### GOAL OF THE EXERCISE
Your output should be everything below from the line containing "Честорен регулаторт модел" down to the line containing "Todas nuestras prácticas", both ends included, copied exactly, with pictures left out.

### RECORDS TO PROCESS

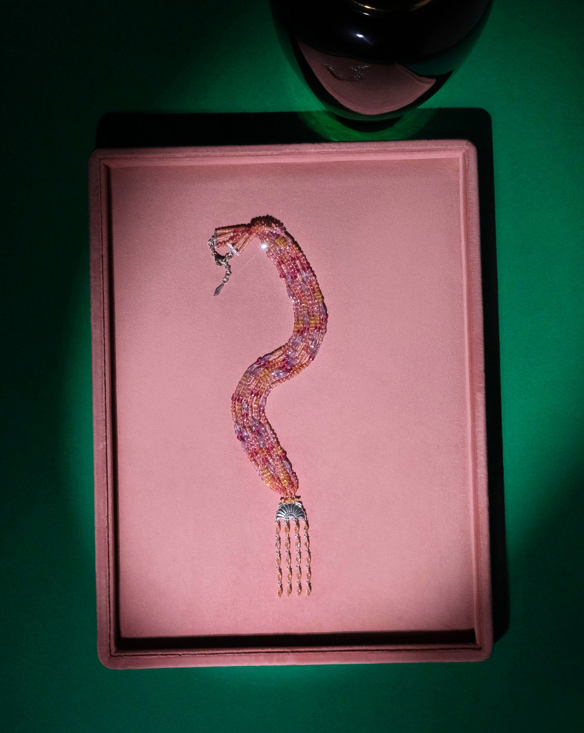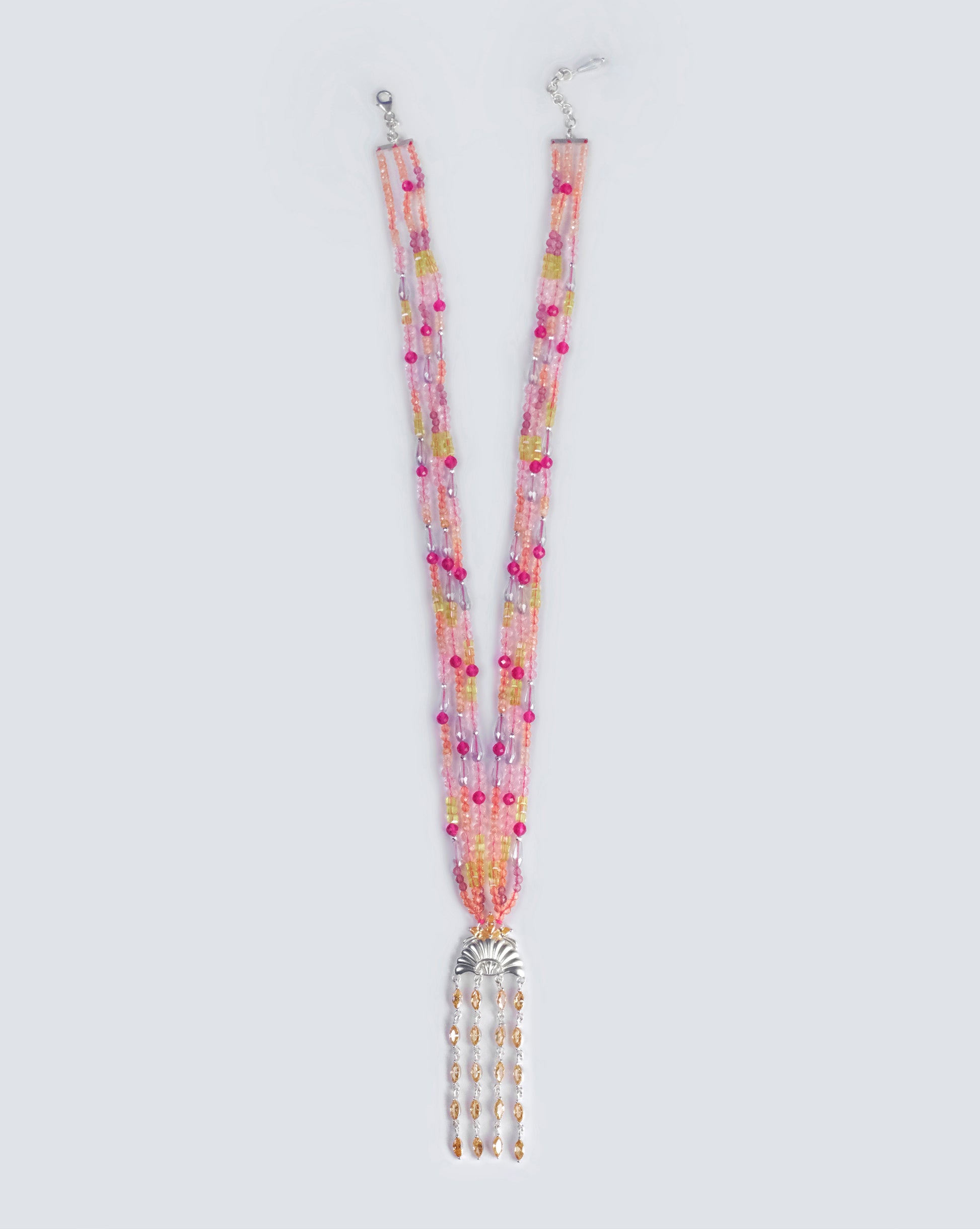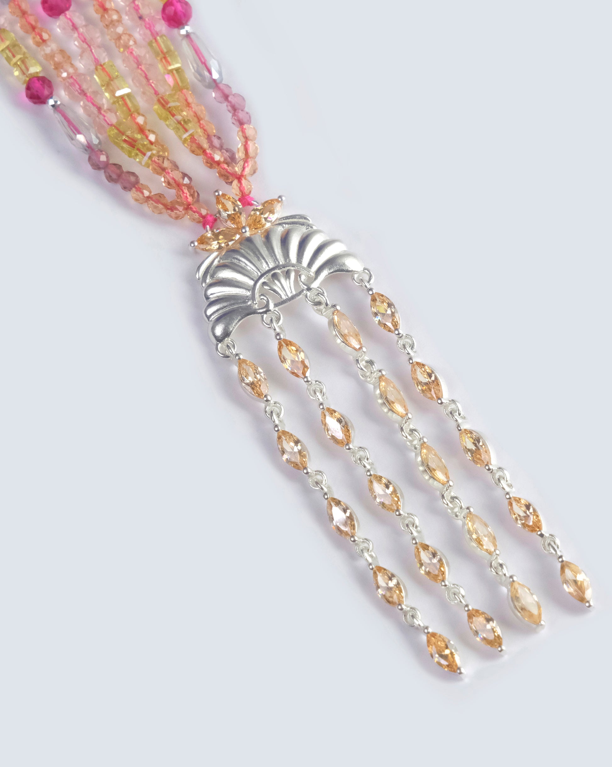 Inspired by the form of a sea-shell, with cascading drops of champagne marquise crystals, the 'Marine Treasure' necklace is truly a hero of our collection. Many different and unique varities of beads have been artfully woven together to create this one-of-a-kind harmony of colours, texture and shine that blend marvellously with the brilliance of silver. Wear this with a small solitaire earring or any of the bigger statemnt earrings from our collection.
---
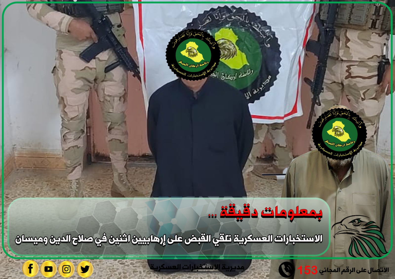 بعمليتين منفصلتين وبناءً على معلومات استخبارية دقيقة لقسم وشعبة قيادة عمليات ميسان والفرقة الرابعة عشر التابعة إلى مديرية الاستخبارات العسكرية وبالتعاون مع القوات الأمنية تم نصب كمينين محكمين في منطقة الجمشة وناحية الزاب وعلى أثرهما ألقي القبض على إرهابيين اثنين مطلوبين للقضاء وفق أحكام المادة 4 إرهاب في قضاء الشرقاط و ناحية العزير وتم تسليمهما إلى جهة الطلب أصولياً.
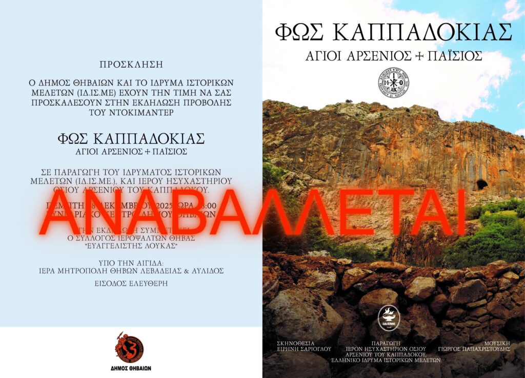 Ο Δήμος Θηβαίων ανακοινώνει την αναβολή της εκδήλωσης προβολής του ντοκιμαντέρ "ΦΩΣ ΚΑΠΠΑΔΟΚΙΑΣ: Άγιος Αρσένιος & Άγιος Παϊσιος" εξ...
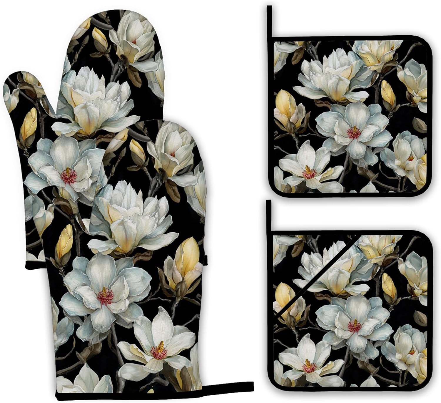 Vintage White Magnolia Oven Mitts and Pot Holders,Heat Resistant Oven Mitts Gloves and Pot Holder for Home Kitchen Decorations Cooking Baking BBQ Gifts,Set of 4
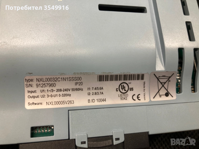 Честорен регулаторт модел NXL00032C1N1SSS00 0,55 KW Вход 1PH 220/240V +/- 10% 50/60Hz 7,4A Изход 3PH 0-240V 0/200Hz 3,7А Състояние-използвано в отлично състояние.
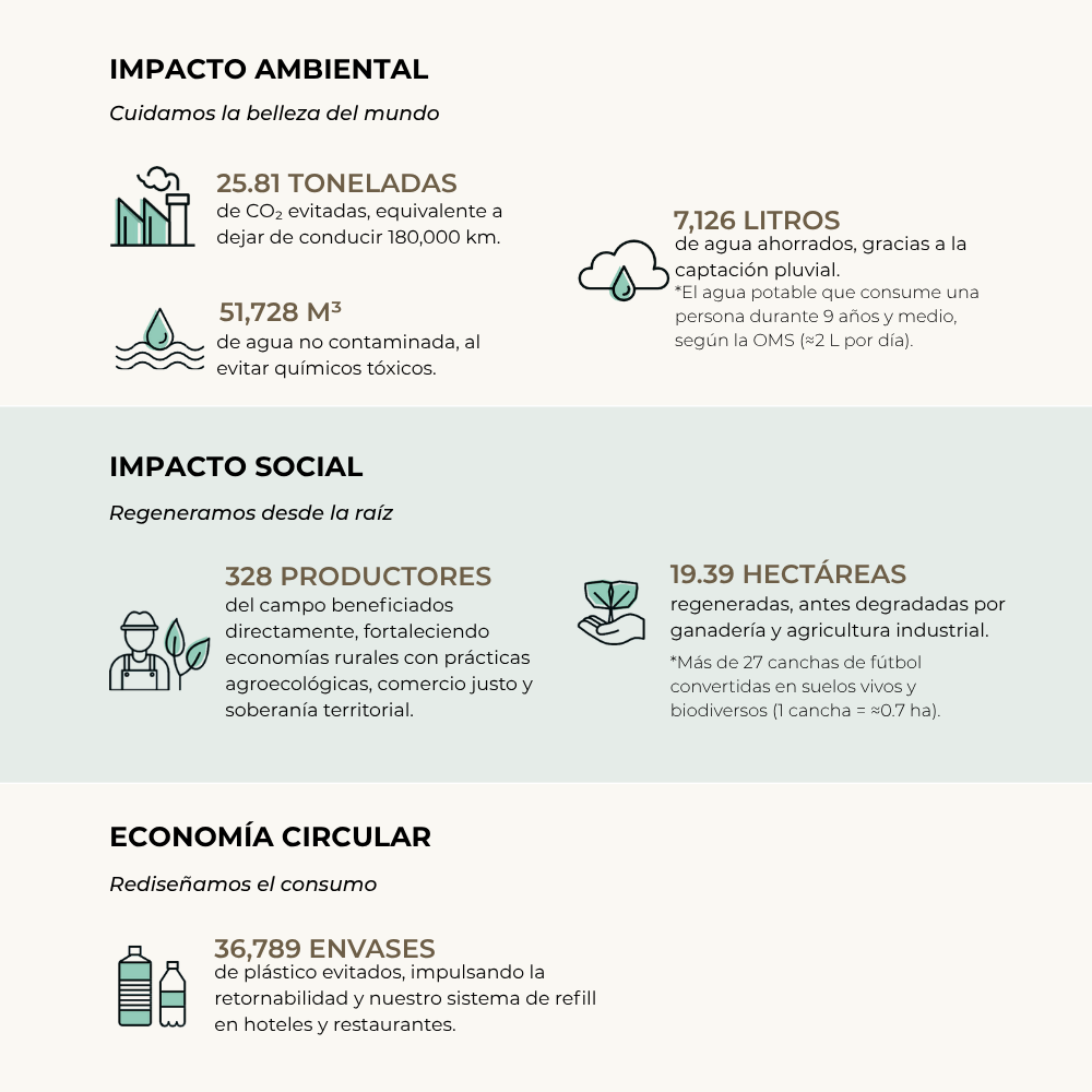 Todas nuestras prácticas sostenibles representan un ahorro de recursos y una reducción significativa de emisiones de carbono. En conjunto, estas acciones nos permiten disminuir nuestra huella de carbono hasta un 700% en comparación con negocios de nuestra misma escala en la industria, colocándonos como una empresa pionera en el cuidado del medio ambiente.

### RESPONSE AREA
 Честорен регулаторт модел NXL00032C1N1SSS00 0,55 KW Вход 1PH 220/240V +/- 10% 50/60Hz 7,4A Изход 3PH 0-240V 0/200Hz 3,7А Състояние-използвано в отлично състояние.
 Todas nuestras prácticas sostenibles representan un ahorro de recursos y una reducción significativa de emisiones de carbono. En conjunto, estas acciones nos permiten disminuir nuestra huella de carbono hasta un 700% en comparación con negocios de nuestra misma escala en la industria, colocándonos como una empresa pionera en el cuidado del medio ambiente.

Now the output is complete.